Given entries Start Marker
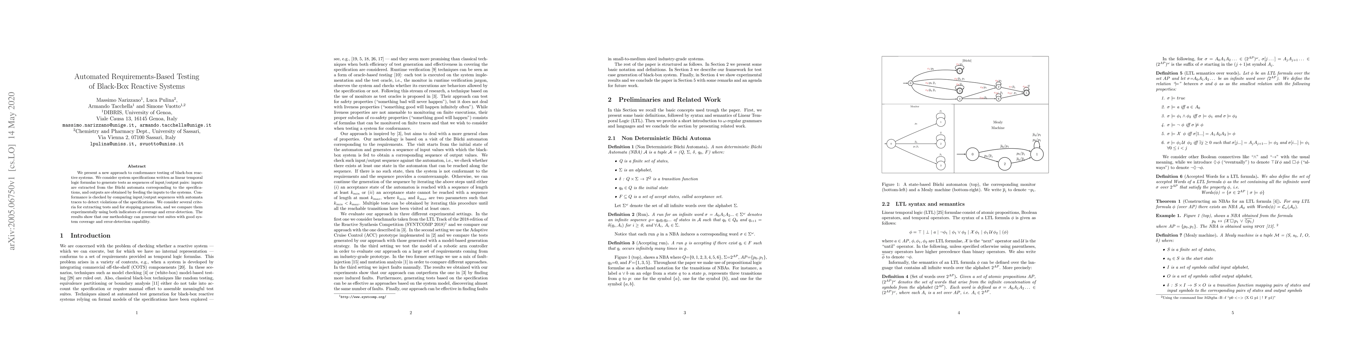 A new approach to testing black-box reactive systems is proposed, generating tests based on system specifications written in linear temporal logic, with promising results for coverage and error-detection capabilities.
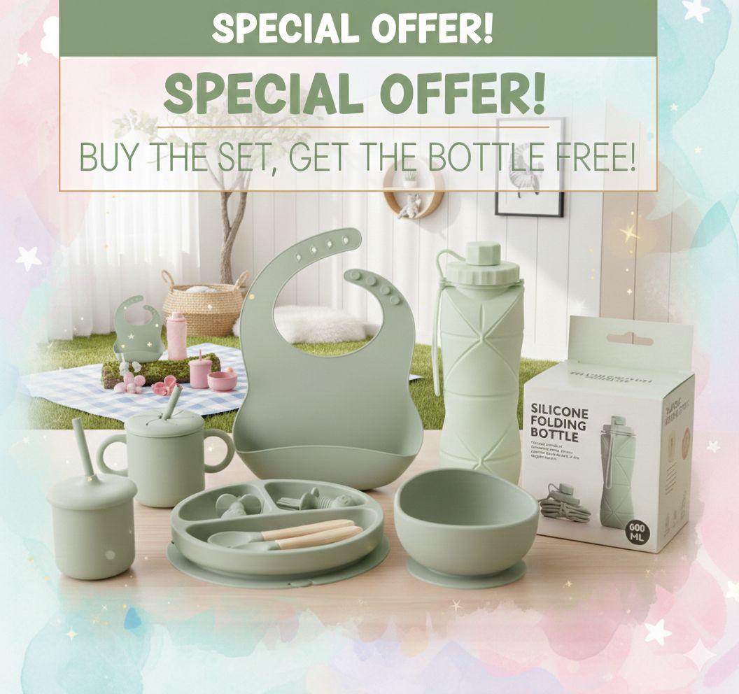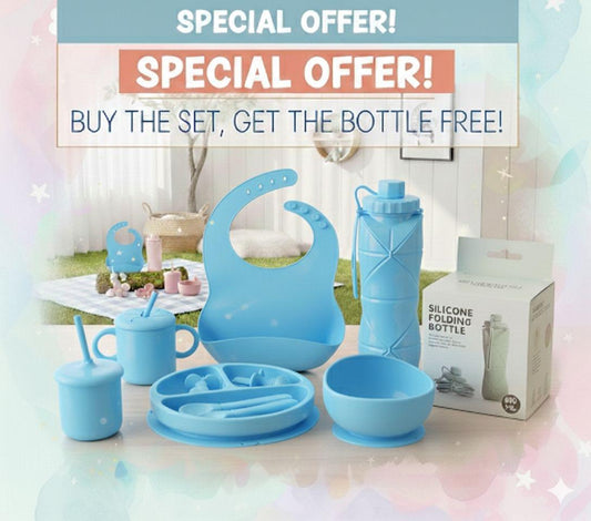 9 Pcs Silicone Meal Set with Free Silicone Water Bottle 600ml - 2 in 1
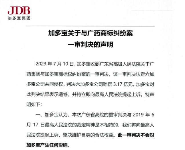 7月10日,加多宝发布《加多宝关于与广药商标纠纷案一审判决的声明》,称当天收到广东省高级人民法院关于广药集团与加多宝商标权纠纷案的一审判决。该一审判决认定六加多宝公司共同侵权,判决六加多宝公司赔偿3.17亿元。
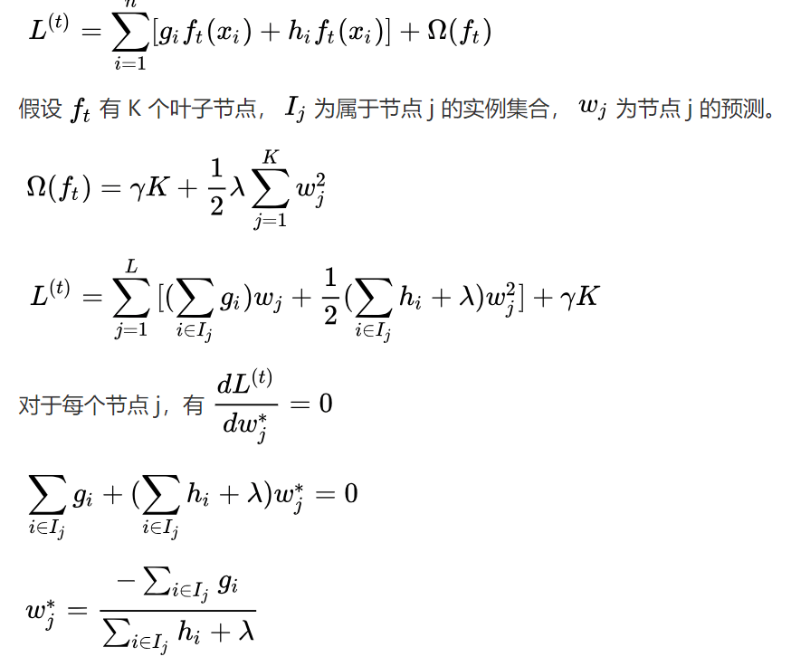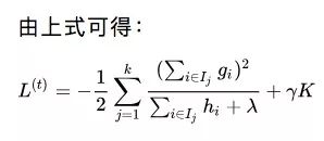 假设韩梅梅更新了一个具有K个叶子节点的基学习器ft。设Ij是属于节点j的实例集合,wj是该节点的预测。因此,对于Ij中的实例i,我们有ft(xi)=wj。所以我们在上式中用代入法更新了L(t)的表达式。更新后,我们就能针对每个叶子节点的权重采用损失函数的导数,以获得最优权重。
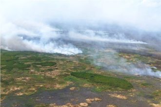 Operação conjunta combate incêndio que atinge o Parque Nacional do Cabo Orange
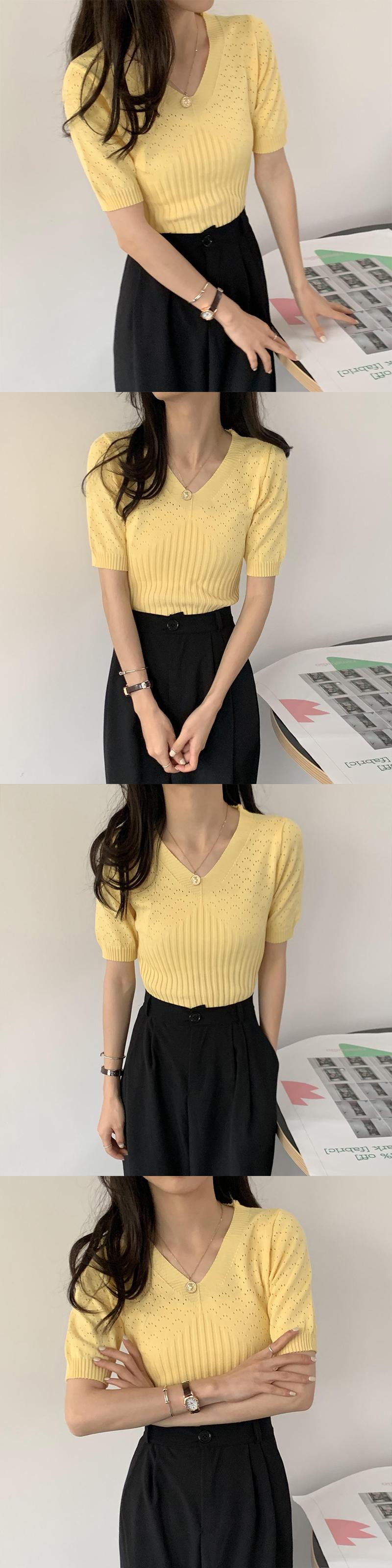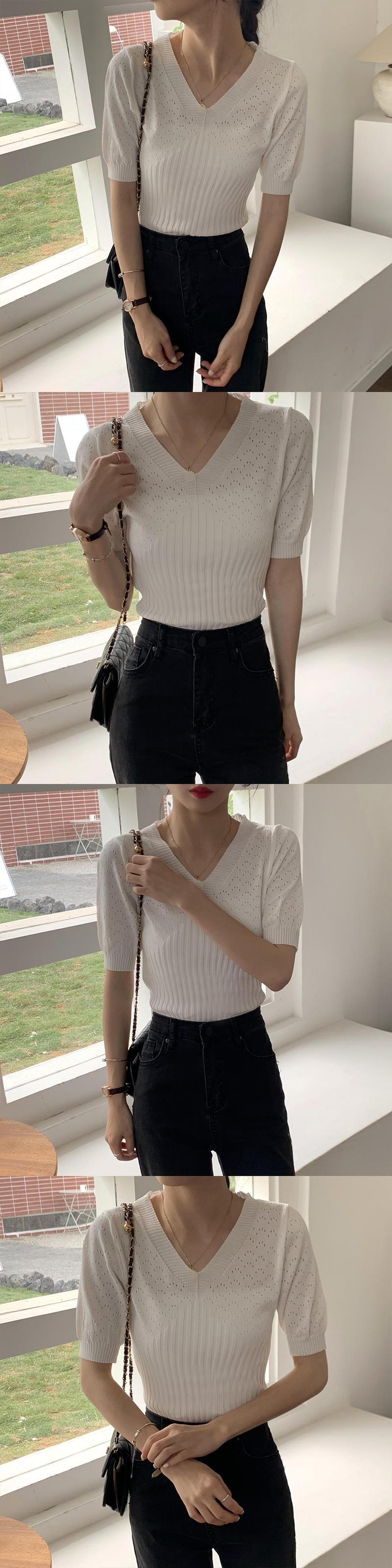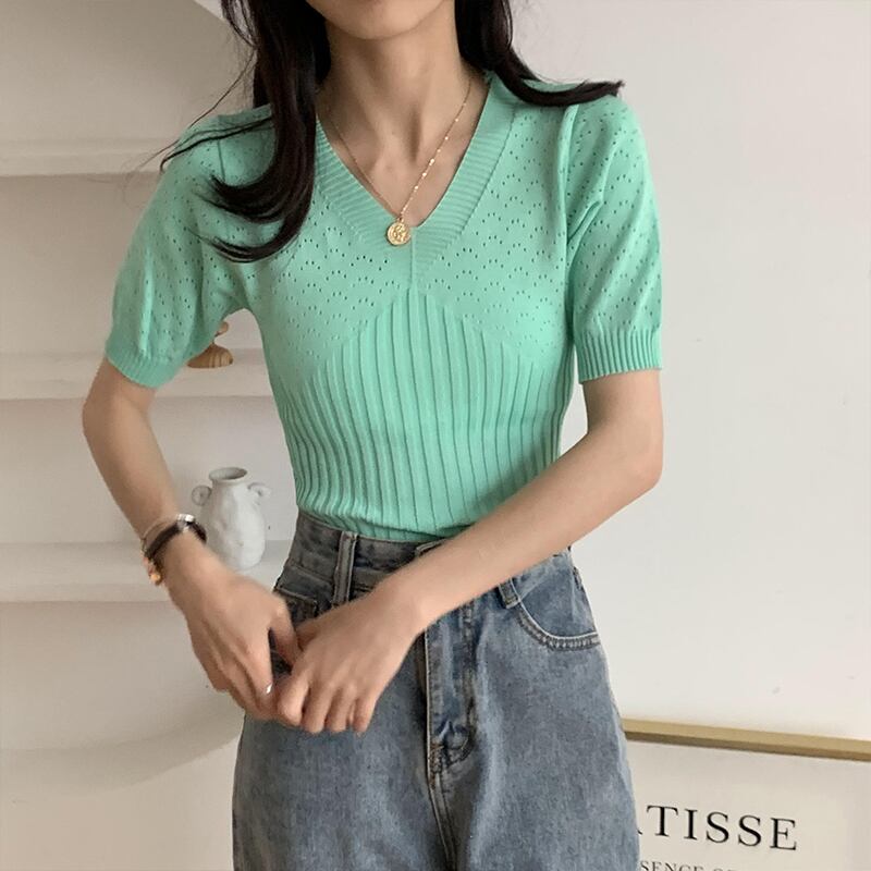 半袖スリーブニットTシャツ サマースリムフィットVネックトップス ショート ハーフスリーブ 夏物 シルク クレセントシティ63333046978
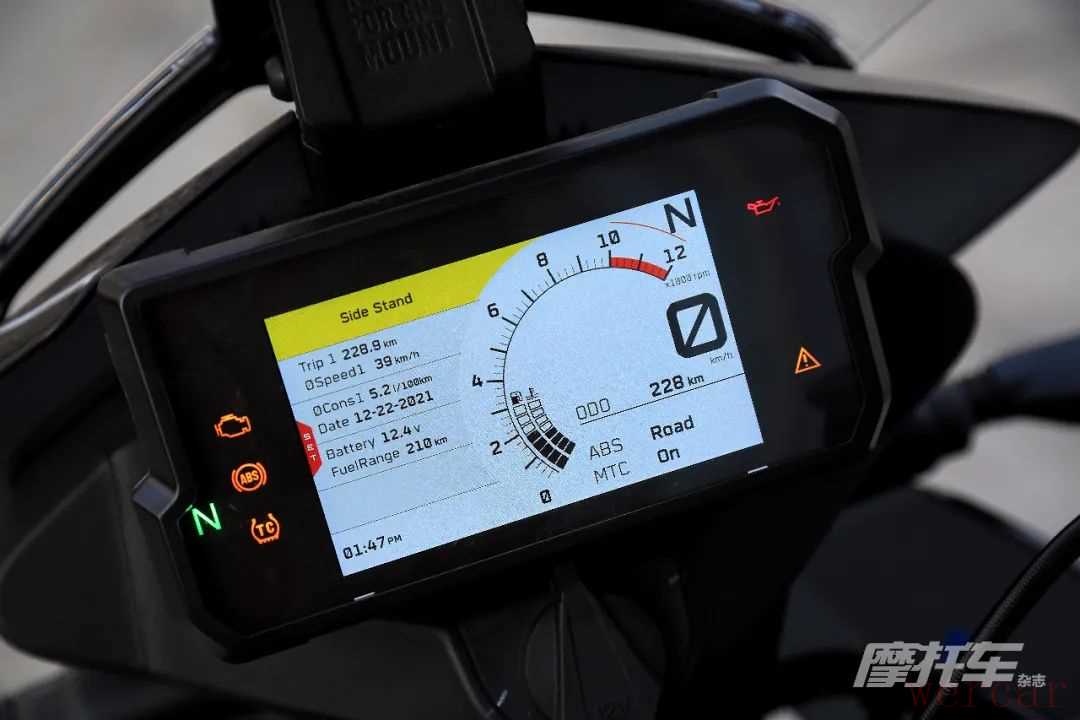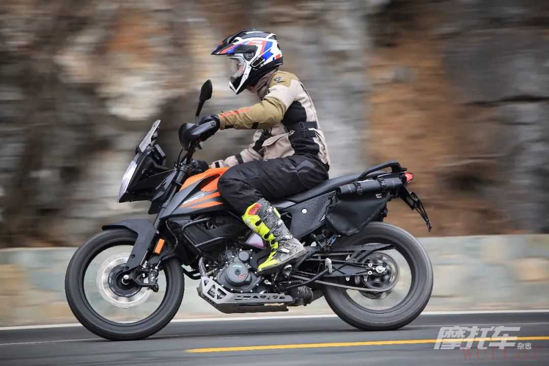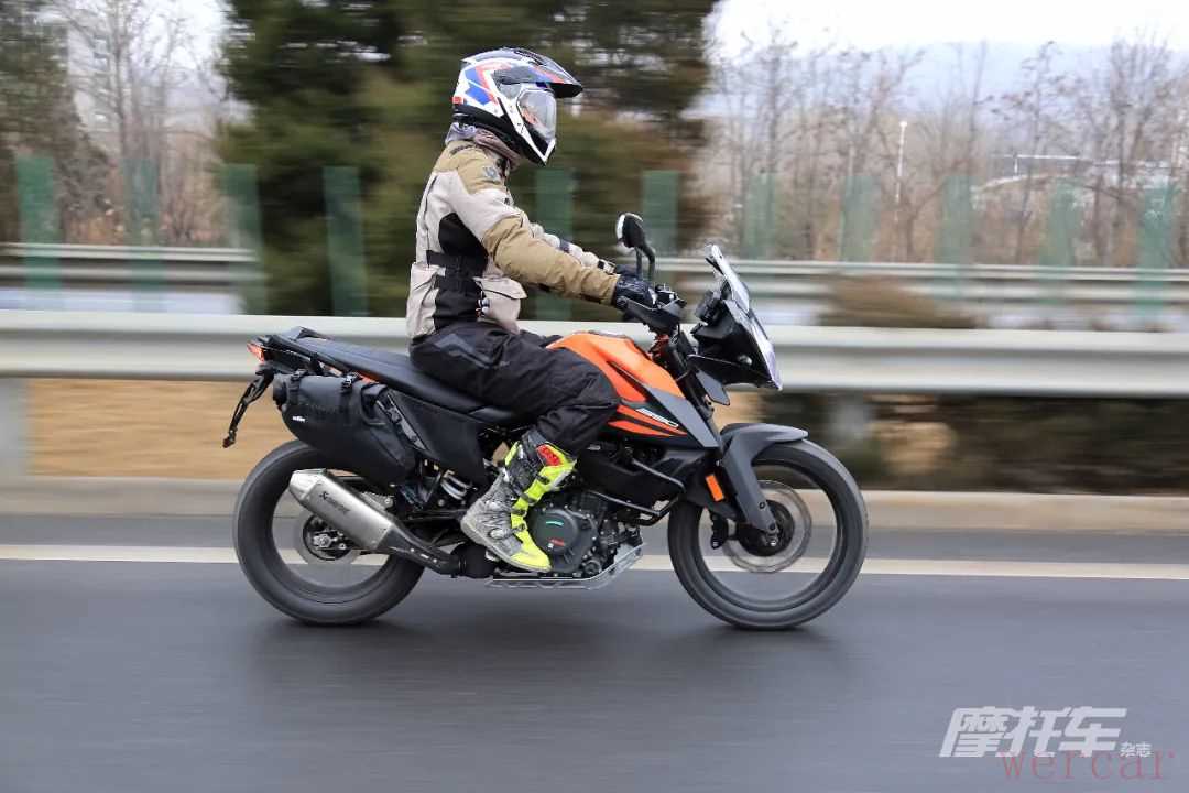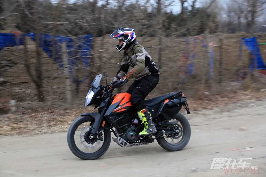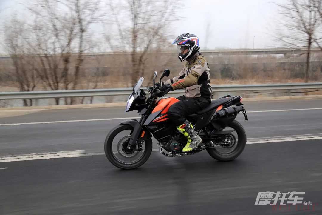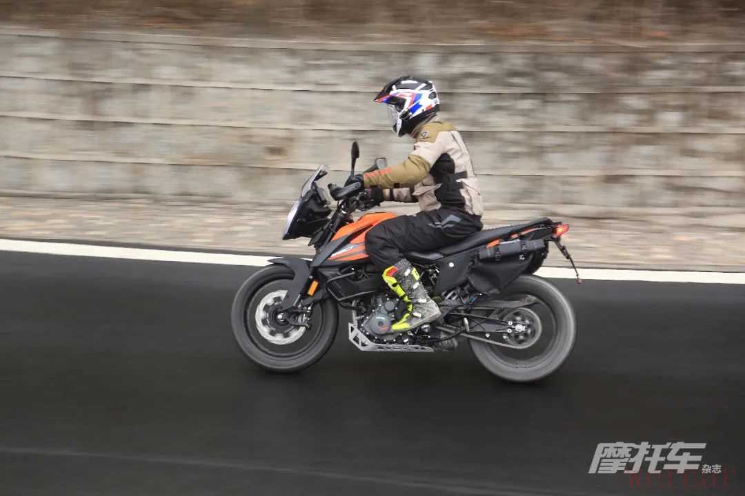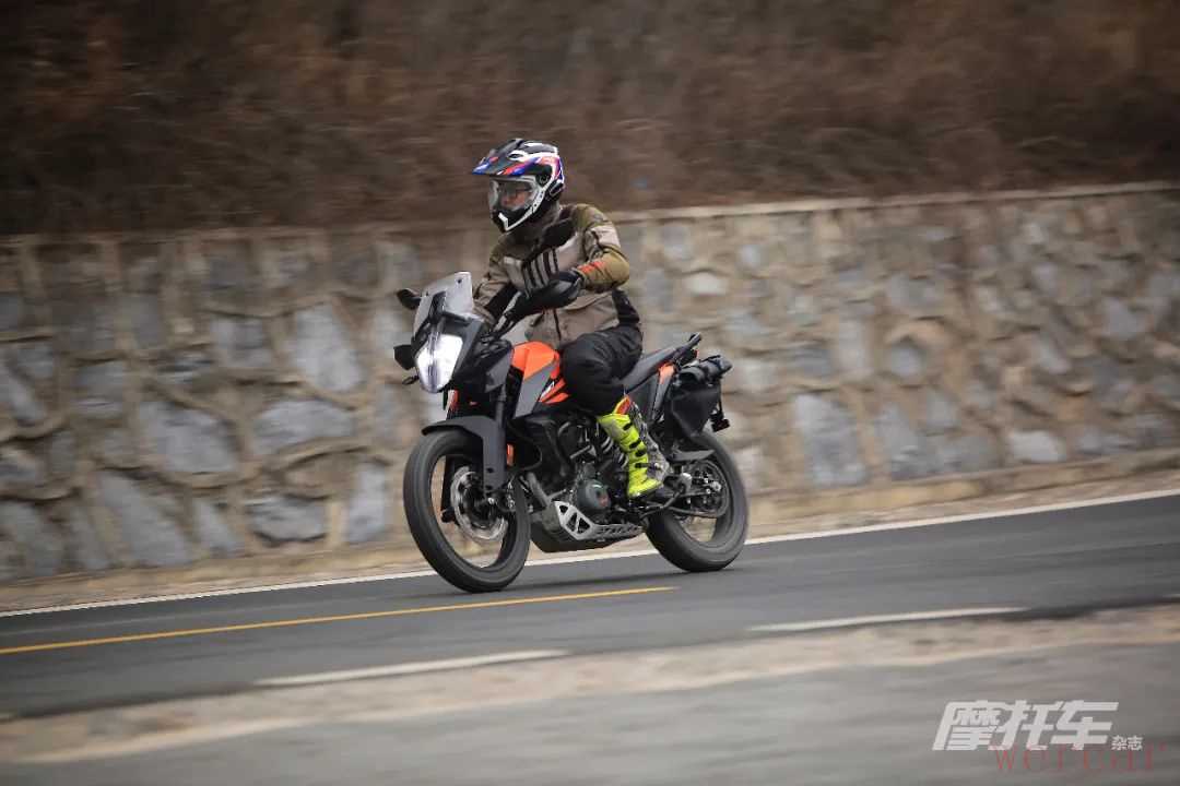 在加速测试中,390 ADV 0-100km/h加速成绩5.4秒,与390 DUKE有少许差距,但考虑到车重、全地形轮胎以及冬季抓地力等影响,也合乎情理。但这并不影响390 ADV的加速感受,这台短行程的发动机转速越高加速越猛的特性足够让你感到激情澎湃,5000r/min之后开始明显感觉到发力,这种感觉会一直延续到8000r/min以后,有不错的动力延展性。
Given entries End Marker
(Directions for this task):
Pictures excluded, transcribe the listing above exactly from the line with "7月10日,加多宝发布《加多" through the line with "半袖スリーブニットTシャツ サマースリムフィットVネックトップス ショート", and no further.

(Solution to the problem):
 7月10日,加多宝发布《加多宝关于与广药商标纠纷案一审判决的声明》,称当天收到广东省高级人民法院关于广药集团与加多宝商标权纠纷案的一审判决。该一审判决认定六加多宝公司共同侵权,判决六加多宝公司赔偿3.17亿元。
 假设韩梅梅更新了一个具有K个叶子节点的基学习器ft。设Ij是属于节点j的实例集合,wj是该节点的预测。因此,对于Ij中的实例i,我们有ft(xi)=wj。所以我们在上式中用代入法更新了L(t)的表达式。更新后,我们就能针对每个叶子节点的权重采用损失函数的导数,以获得最优权重。
 Operação conjunta combate incêndio que atinge o Parque Nacional do Cabo Orange
 半袖スリーブニットTシャツ サマースリムフィットVネックトップス ショート ハーフスリーブ 夏物 シルク クレセントシティ63333046978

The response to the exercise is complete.